Deutsche Bank's equity strategists argue that the largest U.S. technology stocks - commonly grouped as the "Mag-7" - have acted as a drag on broader U.S. equity performance over the last nine to ten months, and that this drag accelerated notably in June. The bank's analysis underscores an unusual dynamic: weakening performance among these megacap names occurring at a time when global interest in artificial intelligence remains high.
Strategist Jim Reid described the trend as not entirely new, noting the beginning of a rotation out of these holdings in late October of the prior year. Reid also highlighted that the market narrative through the first half of 2026 was dominated by two major themes - the conflict in Iran and widespread global enthusiasm for AI - making the Mag-7's relative lagging performance appear counterintuitive in that context.
Deutsche Bank identifies four primary factors behind the June underperformance:
- Extreme positioning reverting to neutral: At the end of May, exposure to large-cap technology was at what the bank characterizes as an extreme level. That positioning moved back toward neutral, reducing concentration in those names and weighing on their prices.

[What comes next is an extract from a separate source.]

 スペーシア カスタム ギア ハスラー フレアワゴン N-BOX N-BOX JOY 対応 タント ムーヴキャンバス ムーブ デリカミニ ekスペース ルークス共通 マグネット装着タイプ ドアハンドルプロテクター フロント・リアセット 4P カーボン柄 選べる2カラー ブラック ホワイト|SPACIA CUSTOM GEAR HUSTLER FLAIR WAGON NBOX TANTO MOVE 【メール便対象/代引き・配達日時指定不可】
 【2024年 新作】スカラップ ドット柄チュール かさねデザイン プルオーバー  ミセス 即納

- Hyperscaler capital expenditure concerns: The bank points to growing apprehension about capital spending plans among the largest hyperscalers. Worries about future capex can affect expectations for revenue and margins across the tech ecosystem.

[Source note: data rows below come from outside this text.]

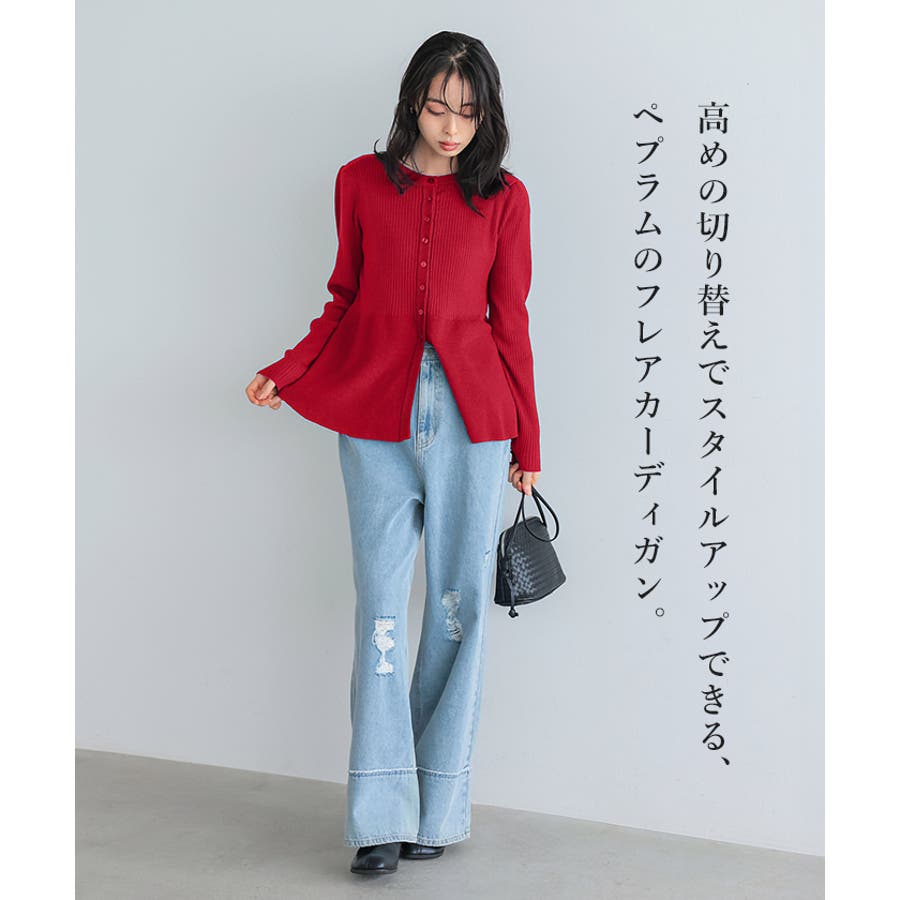 自慢のフレアシルエット。ペプラムフレアカーディガン カーデ カーディガン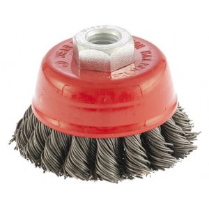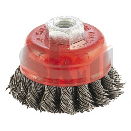 Двухрядная щетка Matrix «Чашка» 74686 диаметром 75 мм, с щетиной из крученой проволоки толщиной 0,8 мм, устанавливается на вал углошлифовальной машины с помощью гайки М14. Рекомендованная максимальная скорость вращения — до 12500 об/мин. Оснастка оптимальна для грубой (черновой) обработки: снятия старого слоя лакокрасочного покрытия и ржавчины, удаления загрязнений, зачистки сварных швов. Эффективно справляется с зачисткой больших поверхностей, подходит для выполнения работ повышенной сложности.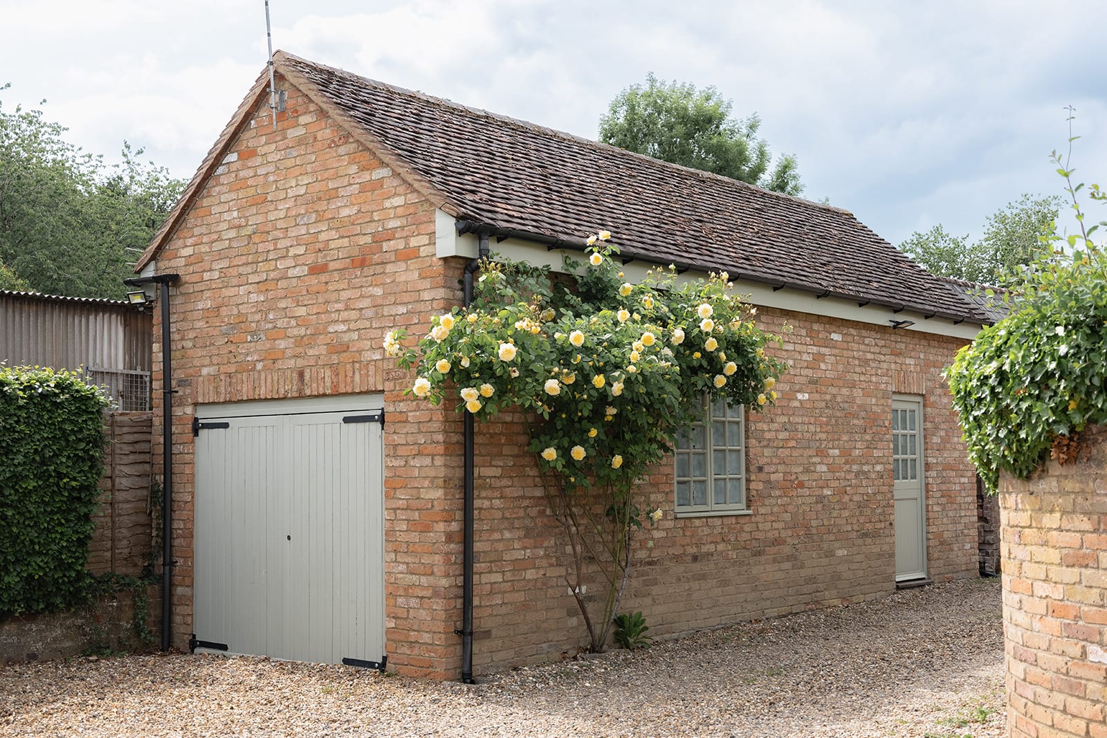 A wide parking area sits beyond, with room for two/three vehicles, and leads to a converted garage, now a useful annexe building arranged over two floors. Whether used as guest accommodation, a creative studio, a gym or workspace, this ancillary building brings further opportunity and flexibility.

- Federal Reserve policy shift: Deutsche Bank notes that a more hawkish pivot by the Fed may have had a negative impact on growth-oriented stocks, which include many members of the Mag-7.
- Rising memory and storage costs: Surging prices for memory and storage chips are creating margin concerns for portions of the technology sector, even as higher chip prices benefit chipmakers. The bank highlighted this pressure with reference to recent price increases from Apple across a wide range of products - a development Deutsche Bank's Research Institute had anticipated in its earlier analysis of memory demand.
Reid adds that market leadership has shifted away from the Mag-7 for the time being, even though AI-related enthusiasm persists globally. As an illustration of the divergence in performance, the KOSPI index has gained more than 100% year-to-date, according to the bank's discussion, underscoring the uneven nature of market rewards in the current environment.
The bank's assessment ties the pocketed underperformance to a combination of investor positioning, concerns about the capital spending outlook for major cloud operators, monetary policy developments, and cost pressures tied to components such as memory and storage. These factors together help explain why large-cap tech underperformed in June despite continued thematic interest in AI across markets.